I met Mimsie in Anjuna Beach, a once-upon-a-time hippie haven that’s now a hip holiday spot for backpackers looking for sun, fun and in some cases, plentiful drugs. With monsoon season only a few weeks away, the town was practically deserted and many of the shops, restaurants and guesthouses had closed down for the season. Mims had booked us at Evershine Guesthouse, where the wonderful Sebastiana served as our wonderful hostess. It was hot as hell in Goa, but ice-cold water from Sebastiana’s freezer and evenings catching the breeze on the hammock outside our room made the heat bearable.

At the urging of Lonely Planet, we spent a day at Calangute Beach, which, despite the off-season, was absolutely packed. We knew that day was going to be different when middle-aged men sat down on nearby lounge chairs and aimed their camera phones in our direction. Oh, but that was just the beginning. It was a big game of ‘one of these things is not like the others,’ only in this case, two of these things–Mimsie and myself–were not like the thousands of Indians on the beach. For one, we’re not Indian. Secondly, we were in our swimsuits, a far cry from the saris and salwars that the women around us wore in spite of the scorching sun. The next few hours included, but were not limited to, the following: women posing for photos in that not-so-subtle way so as to get us in the background; parents bringing their babies up and plopping them in our laps for photo ops; passersby sticking their cameras under our umbrella in hopes of getting a shot of us; a group of teenagers hanging around us for an entire hour hoping to get a photo, and then breaking a glass bottle 10 feet away to get our attention. By mid-afternoon, two waiters had become our bodyguards, shooing away anyone we didn’t OK and forcing beach-goers to put away their cameras as they walked past. The only people allowed to speak to us were a few kids on vacation with their parents and a law student from Mumbai who we had met earlier in the day. As we walked out, a man with a camera followed us until a lifeguard came out and ordered him to put away the camera and leave us alone. Apparently, vacationing Indians subscribe to the Lady Gaga theory: “I’m your biggest fan, I’ll follow you until you love me.”

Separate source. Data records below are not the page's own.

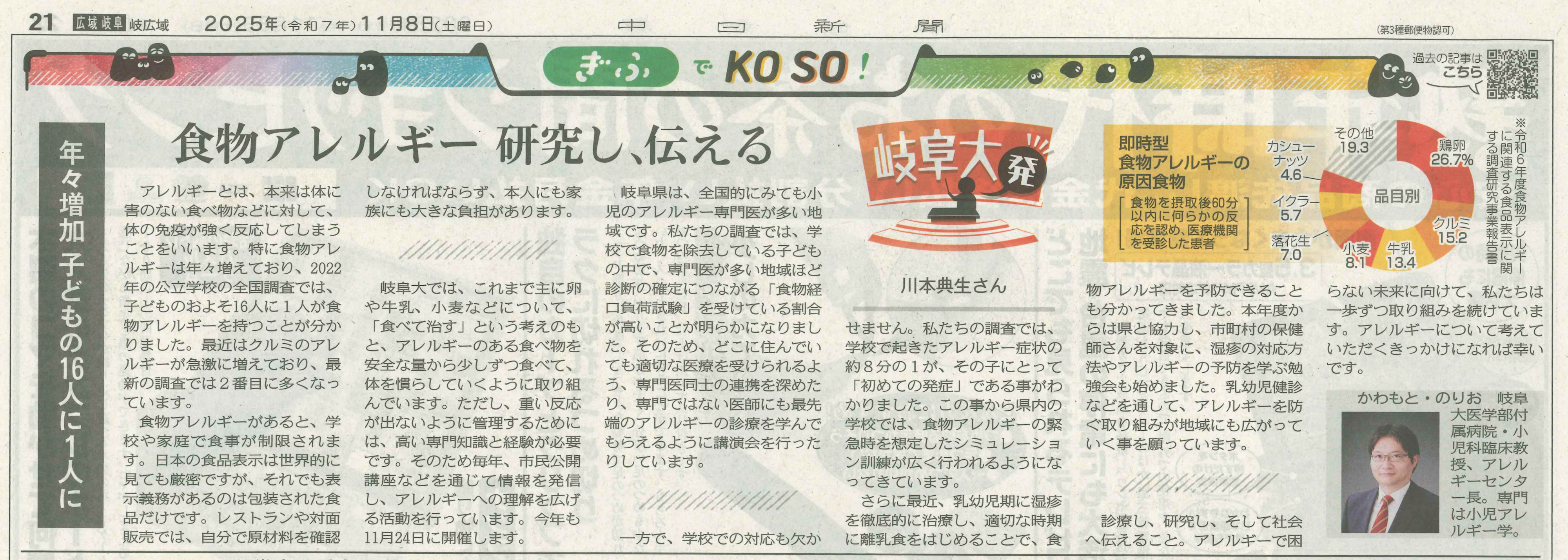 11/8(土)の中日新聞の「岐大発」のコーナーでアレルギーセンターの活動をご紹介頂きました。Webサイトでの公開を許可していただきましたので、ここに掲載致します。
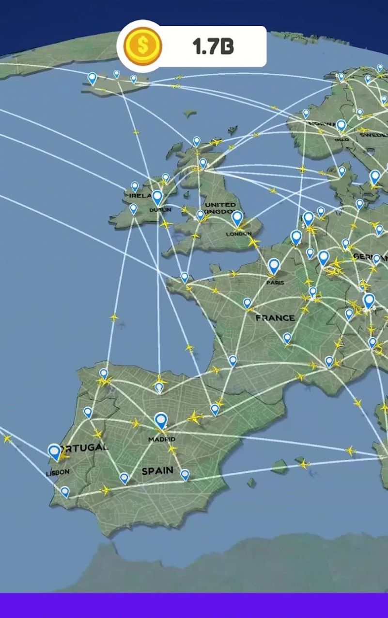3、玩家可以在游戏中解锁新的国度,同样连接所有的城市,形成空中交通网。
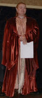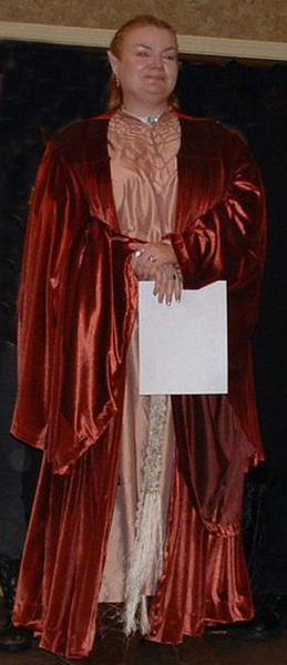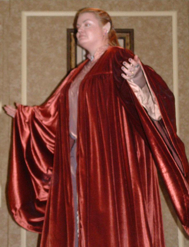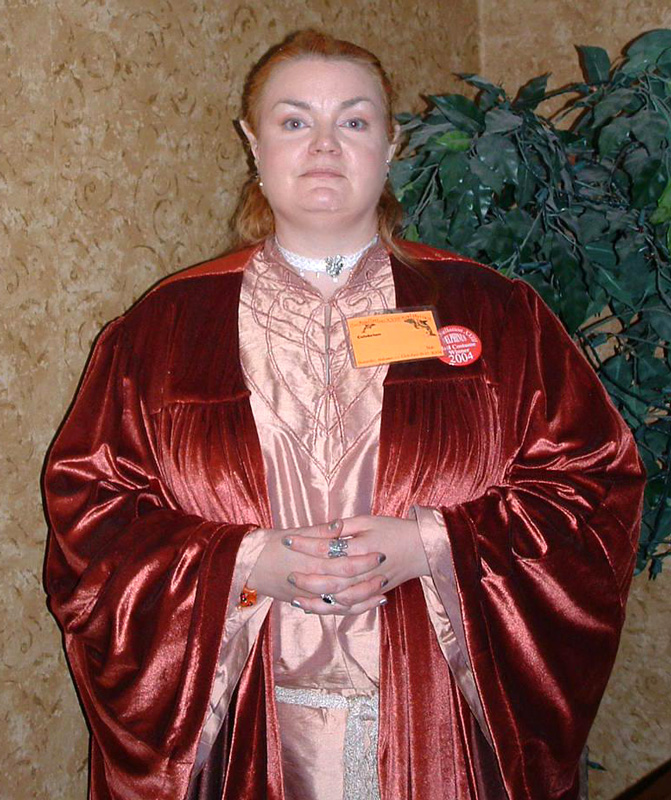Offhand I can't recall the basic patterns used, but we modified them anyway, to add a mandarin collar with a buttoned slit to the tunic, and some things like that. I can dig out the pattern when I get home, if you like. With the tunic embroidery, I reconstructed the design based on still photos, then found the design on your website and verified it against my reconstruction, and used it. The tunic does NOT have petaled hem; it has a straight hem, more like a dress. I thought this would be more in line with what Celebrian would wear. The petaled hem tunic is there for freedom of movement of the legs, as a warrior would need; consequently it didn't seem appropriate for Celebrian. At a later date, I plan to use fabric paint to recreate the burnout pattern found on the sleeves and shoulders of Elrond's robe. I may possibly also add a brocade collar and cuffs.
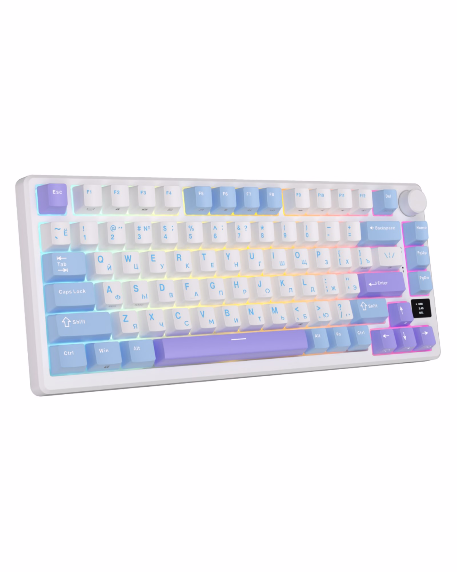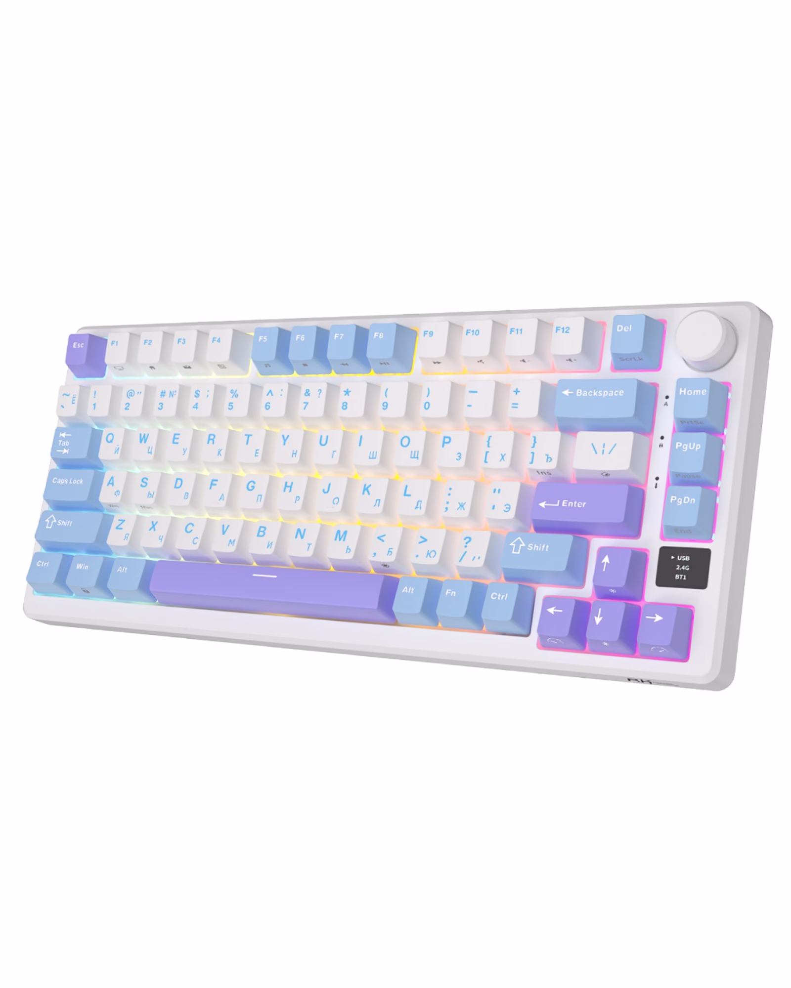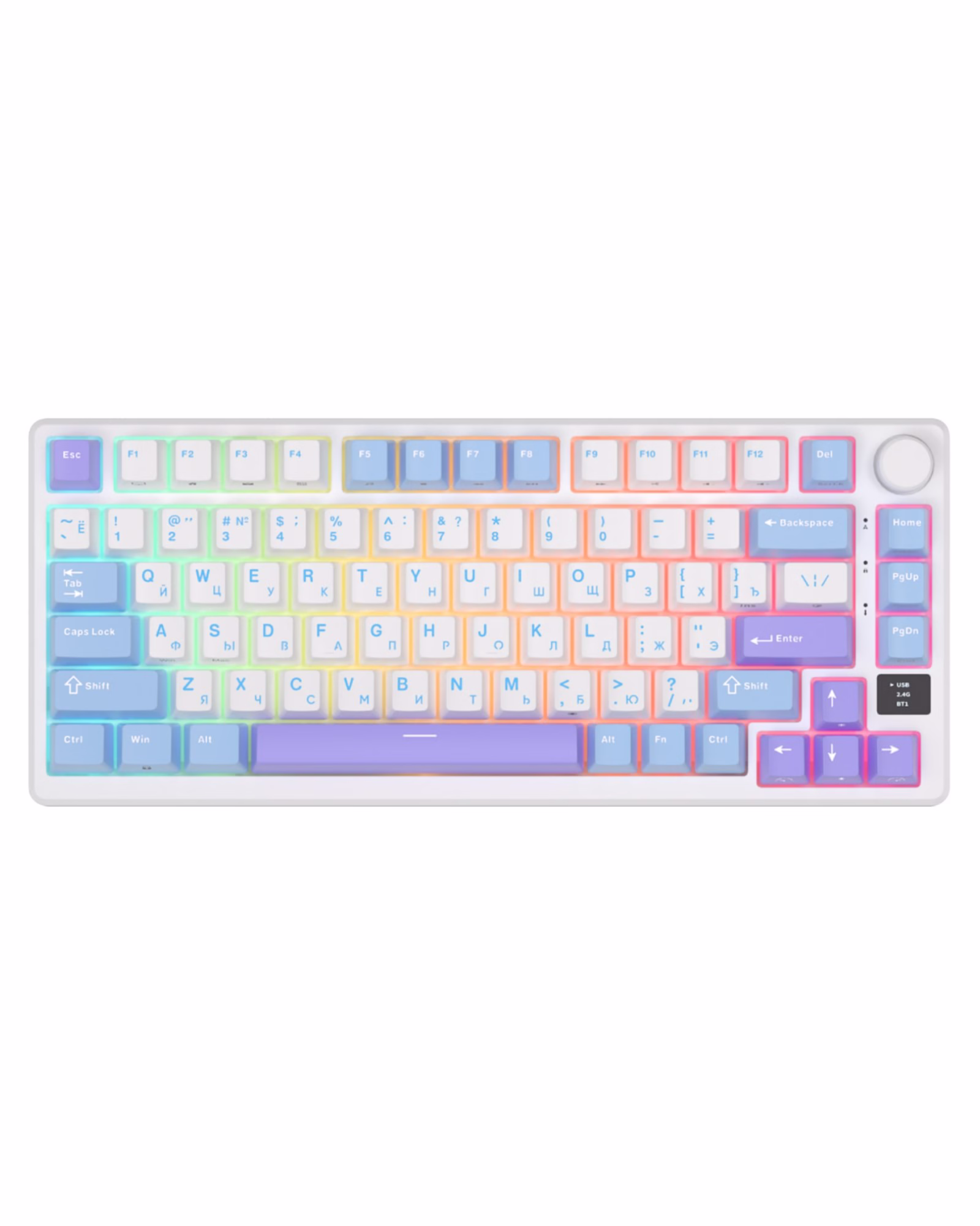 Так. Формат 75% зберігає усі потрібні клавіші, включаючи стрілки та функціональні — просто без цифрового блоку. Менше зайвого, більше простору.2. OLED-екран і колесо — це реальна користь чи просто фішка?

By the end of the day, we lost count of how many photos had been taken of us, how many fake names and brilliantly concocted life stories we had come up with and how many people had tried–and failed–to talk to us.

The absurdity culminated a couple nights later at a restaurant on the water. Determined to see the sun set on our last evening in Goa, we grabbed dinner and drinks at one of the few open restaurants left in Anjuna. Unfortunately, a group of teenage boys had the same idea. They jumped at the chance to talk to us and take photos with us and ruined my last damn sunset by playing Justin Bieber (“We have Justin Bieber fever! Is that right name?”) Perhaps inspired by western reality television and under the impression that American girls are floosies (Jersey Shore airs here–enough said), I was asked by one of the guys to “go for a walk” down to a secluded area of the beach. Much as I’d like to fulfill a 16-year-old boy’s fantasy, a girl’s gotta have standards. And dignity.

The next evening, tired and tanned (or in Mimsie’s case, burned), we headed into Mapusa to catch a sleeper bus to Mumbai, where the adventure continued…


By the second week, I’d had it with India. I reached the breaking point last Tuesday night. A thunderstorm had cut off our power yet again, the heat in our poorly ventilated room was stifling, we had just discovered a gigantic anthill in our bathroom, water from the storm was beginning to form a puddle at the entrance to our room and to top it all off, the roof was leaking–straight onto my bed. My mother was right–I could never hack it in the Peace Corps.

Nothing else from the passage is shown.